Однажды гонец из Рима принес весть о том, что дела наши идут хорошо. Цензор поддержал прошение отца о восстановлении его в звании всадника, и на днях все будет доложено императору Клавдию. Итак, нам следовало вернуться в Рим и никуда из него не отлучаться, ибо в любую минуту мы можем быть призваны к императору. Его секретарь Нарцисс обещал непременно исхлопотать для нас аудиенцию.
Стояла суровая зима. Римские каменные полы сделались холодными как лед, а во многих доходных домах люди угорали от дыма очагов, если за ними плохо следили. Правда, из-за туч все чаще выглядывало бледное солнце, возвещая о приходе весны, но пока сенаторам еще приносили на заседания в курии жаровни и ставили их под ножные скамеечки из слоновой кости. Тетушка Лелия ворчала, что в прежние времена римляне были куда выносливее. При Августе, например, старики-сенаторы были готовы скорее подхватить воспаление легких или ревматизм, чем нежить свое тело таким вот неподобающим образом.

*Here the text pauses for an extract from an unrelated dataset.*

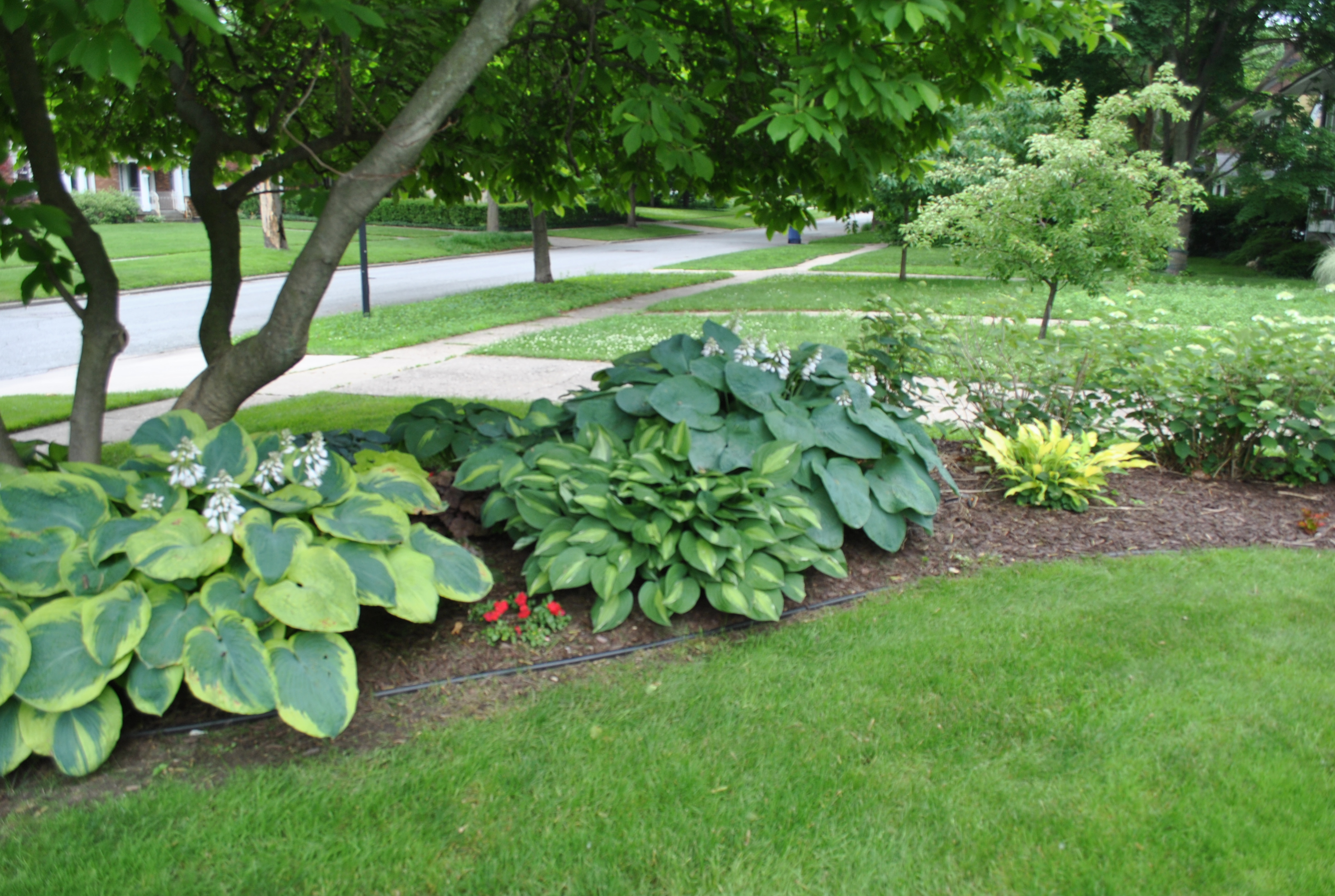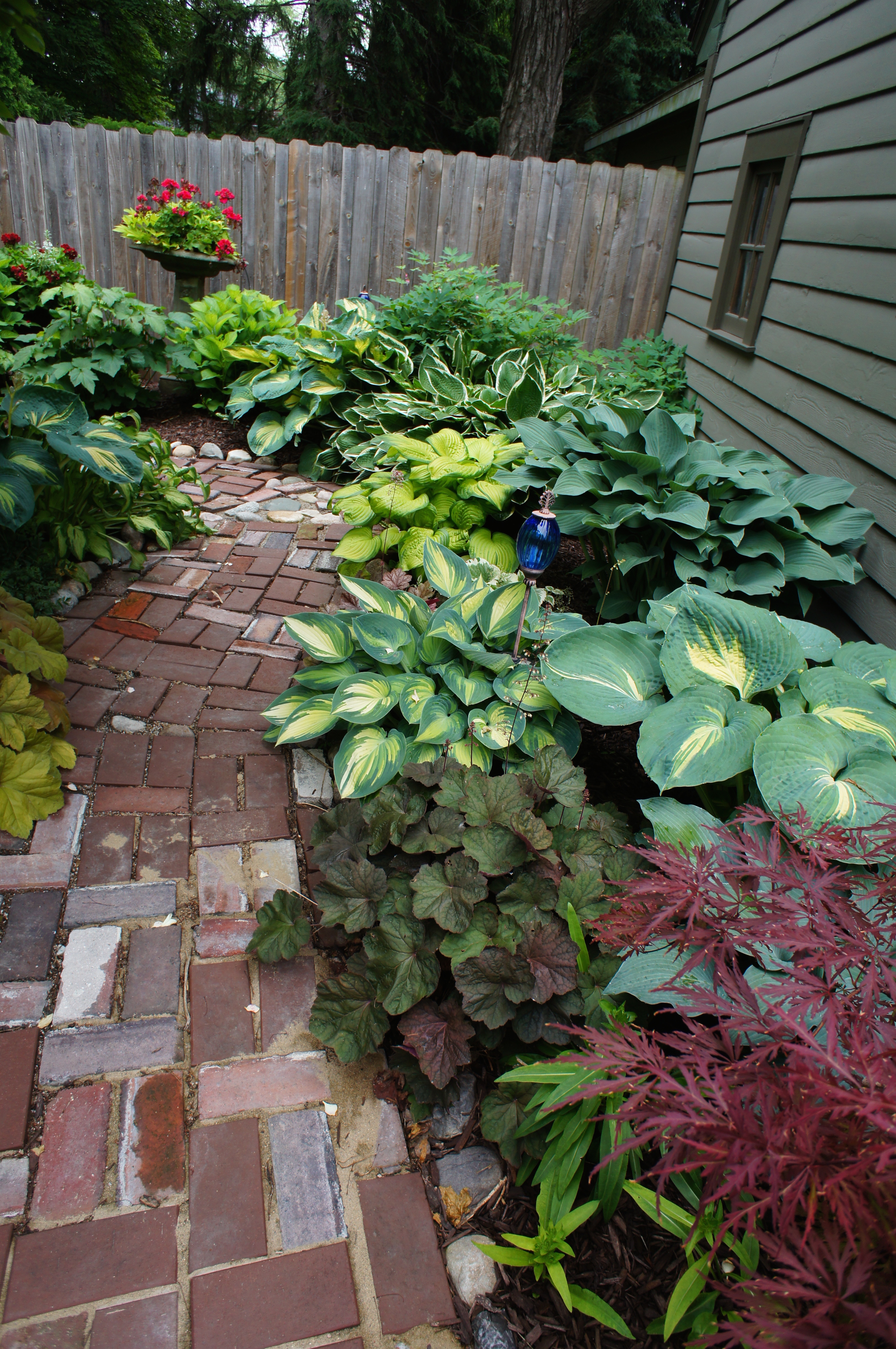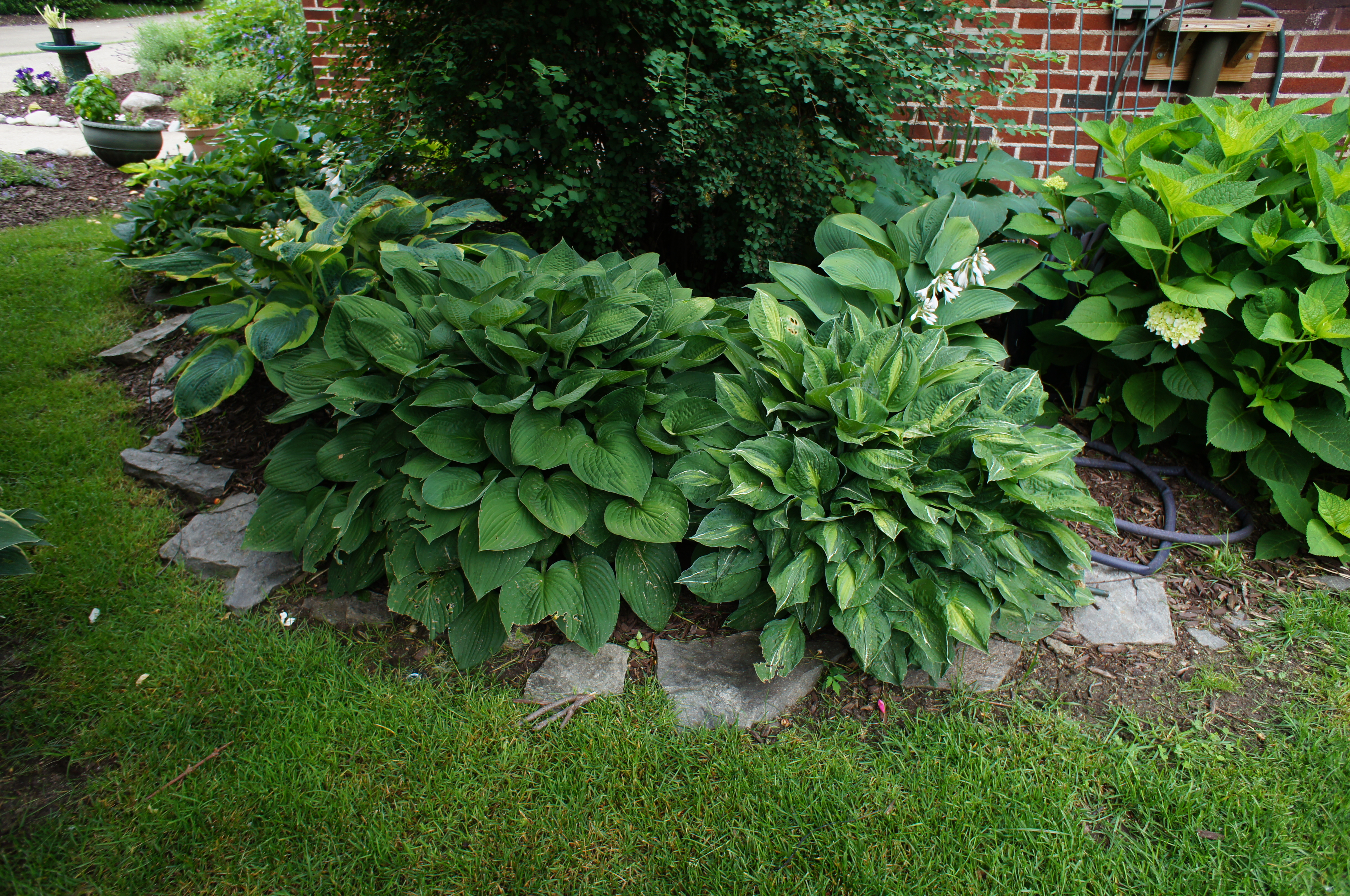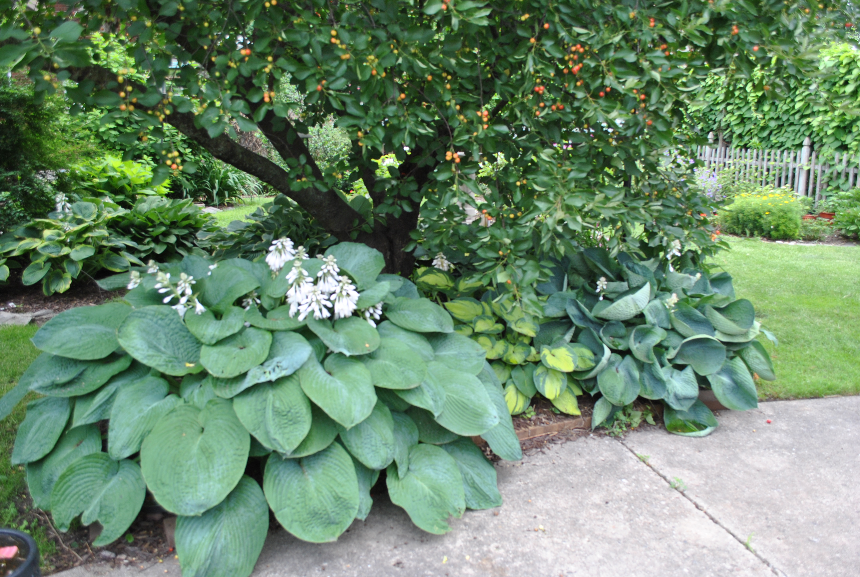 In the Secret Garden: Far right is Dream Weaver. In front of it is June, then Stained Glass, Krossa Royal (next to the garage), then Francee, and Great Expectations sits to the back of this photo. There are, of course, astilbe and heuchera mixed in, not to mention hydrangeas and a big old bleeding heart.The large hosta in the rear is a division of Elegans. In front of it to the left is Francis Williams. Left of Francis is another Elegans (I keep dividing this monster!). The left front hosta is Orange Marmalade. Center front is Lakeside Beach Captain. On the far right is Wheaton Blue.Lower Garden: Another shot of Elegans. To the right of it is Stained Glass. And on the far right is Abiqua Drinking Gourd. Peeking out behind Stained Glass is another Dream Weaver.Lower Garden: On the far right, just in view, is Elegans. To the left is Hanky Panky. The bright green hosta next to it is a mystery to me, but might be Maui Buttercup. (sorry for the blurriness!)Lower Garden: Strip Tease and a mystery hosta that a friend gave me. That’s a Francis Williams to the left of the mystery hosta. I think the hosta behind Strip Tease is Ryan’s Big One.Secret Garden: MoerheimSecret Garden: Deep Blue Sea, Orange CrushLower Garden: Halcyon in foreground, Elegans on the right under the cherry tree, Hanky Panky (though it’s hard to see in this shot), and Regal Splendor to the left of the cherry tree.Front Garden: On the left is Francis Williams. Next to it is Lakeside Beach Captain. On its right is Elegans. And tucked away next to Elegans is Pineapple Upsidedown Cake.Secret Garden: Allegan Fog, Silver Threads and Golden Needles, Stitich in Time, Ghost Spirit. Behind these is Dream Weaver.Lower Garden: Lucy Vitols in the center. That’s Rhino Hide in the pot to the left. I’ve almost lost it twice, but it comes coming back from the brink. There is a Kaleidechrome almost hidden by the pot of argula. There’s a bit of Thai basil peeking out of the pot on the right.

Тетушка Лелия хотела обязательно пойти посмотреть, как будут отмечаться Луперкалии, а главное — поглазеть на процессию в честь Фавна. Она объяснила, что на время этого праздника верховным жрецом становится сам император, а потом на Луперкалии нас вряд ли вызовут на Палатин.
Ранним утром февральских ид мы с тетушкой пробрались сквозь толпу как можно ближе к древнему фиговому дереву. Внутри грота жрецы как раз закололи барана — жертву богу Фавну. Обагренным кровью ножом виктимарий провел по лбу многочисленных луперков[15], которые тотчас стерли кровавые полосы священными холстами, смоченными в молоке, и разразились громовым хохотом. Этот ритуальный хохот, доносившийся из пещеры, звучал так оглушительно и страшно, что толпа замерла в благоговении, а некоторые женщины, пришедшие в экстаз, выскочили на тропу, которую стража только что освободила от толпы, разогнав ее священными фасциями[16]. В гроте жрецы разрезали руно овна жертвенными ножами на полосы и, танцуя, вышли на тропу. Они были обнажены, весело смеялись и хлестали ремнями из овечьей шкуры стоявших у них на пути женщин, так что сквозь одежду последних начала вскоре проступать кровь. Непрерывно танцуя, луперки обогнули весь Палатин.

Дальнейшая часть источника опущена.